The 2013 ACCM guidelines recommend routine monitoring of ICU patients for delirium with a suggested frequency of at least once per nursing shift [7••]. Since delirium usually presents with a waxing and waning course, less frequent screening, or screening only on ICU admission, may miss identifying later-onset delirium [9]. The Confusion Assessment Method for the ICU (CAM-ICU) and the Intensive Care Delirium Screening Checklist (ICDSC) are the recommended screening tools [7••, 10, 11]. The ICDSC components are summarized in Table 1; the CAM-ICU and many other excellent resources on ICU delirium can be found online at http://www.icudelirium.org.

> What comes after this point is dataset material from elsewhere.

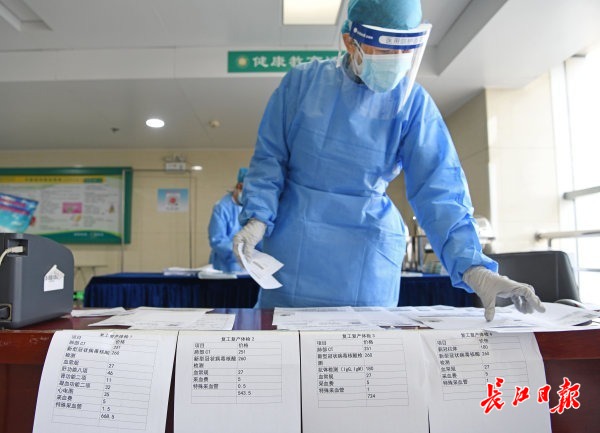 武汉市第四医院从4月8日起推出复工体检项目以来,该院专设1000平方米体检大厅,为复工单位员工进行核酸、CT、血样检测,目前已为近6000名市民筛查体检。该院体检中心负责人张雪介绍,对于单位团体体检,单位可以根据需求,安排职工分批来院体检,医院也可以提供上门服务。
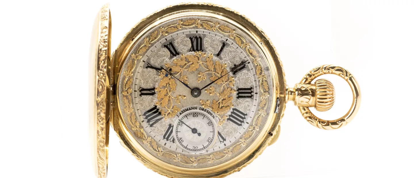 Anfang 20. Jh., Handaufzug, Gehäuse 585 Gelbgold, punziert, Gehäuse mit Gravur, Zwischendeckel Metall, Gehäuse-Nr. 605921, weißes...

Both the CAM-ICU and the ICDSC have been well validated as reliable tools for the diagnosis of delirium, with each having its strengths and weaknesses. The CAM-ICU is based on Diagnostic and Statistical Manual of Mental Disorders (DSM)-III criteria and modified for nonverbal patients. It is designed so that general clinicians can identify delirium rather than rely on psychiatric consultation. The CAM-ICU has been validated in multiple studies against DSM-IV criteria as detecting early delirium with both high sensitivity and specificity [12]. One caveat to using this diagnostic tool is that the patient cannot be deeply sedated for proper assessment.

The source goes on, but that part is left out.